Qwen 3.5
So I follow AI news quite a lot and it looks like Qwen has released the smaller variants it's Qwen 3.5 series. I'm curious if they have a 0.6b version and if they do it should be the same size as the current great Qwen3 0.6b text encoder.
I know I said previously that I it might be better with a bigger model. However, I saw videos of the original Qwen3 0.6b by Bijanbowen And I have to say size definitely doesn't matter. It's about how you train the model and the current model they have as the text encoder is very very good and trained very well so hats off to the Devs of this great anime model.

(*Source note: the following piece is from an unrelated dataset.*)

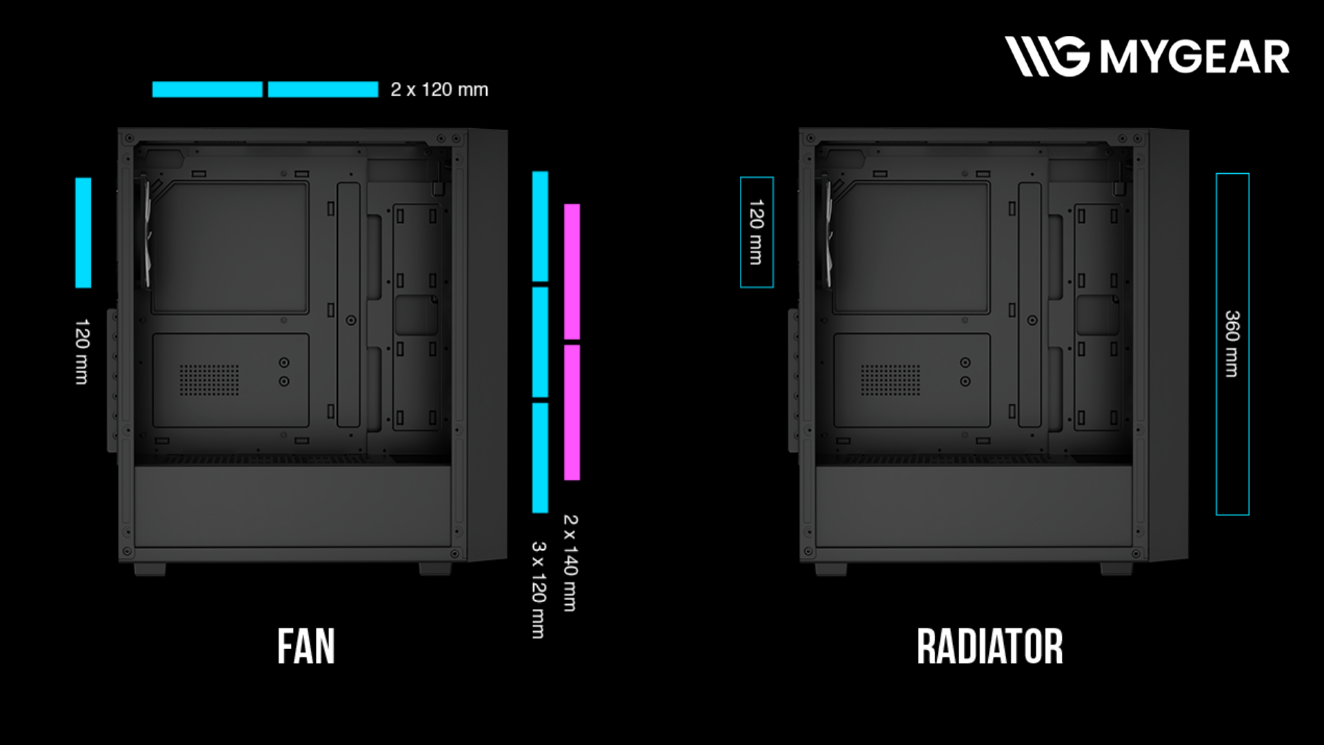 Vỏ case Gamdias AURA GC2 ELITE BK hỗ trợ radiator 360mm ở mặt trước và radiator 120mm ở mặt sau, đủ đáp ứng nhu cầu lắp tản nhiệt nước AIO phổ thông. Nhờ đó, vỏ case mid tower RGB cho phép người dùng nâng cấp hệ thống làm mát khi cần mà không gặp nhiều hạn chế về không gian.

I'm also curious if there's a big difference between Qwen 3.5 and Qwen 3.
I love the open source models at the moment. I think they are incredible. Both video image and overall LLMs. It's definitely exciting times for the open source community and AI in general.
There is no 0.6B model in Qwen 3.5, but there is a 0.8B model available. I saw someone in an overseas community experiment with it. The architecture is slightly different, and some unnecessary parts were trimmed down. Fortunately, the hidden_size is the same, so they managed to integrate it into the existing DiT structure and get it running. However, the generated images did not come out properly—the shapes seemed to collapse and blend together.
It might be an issue with the adapter not being properly aligned, but it is difficult to determine exactly what the problem is. For now, it can be considered “possible,” but whether it will lead to “better” results remains to be seen.
I haven't tried the 0.8B yet,
but judging from the 9B and 27B versions, there are obvious improvements in the versions.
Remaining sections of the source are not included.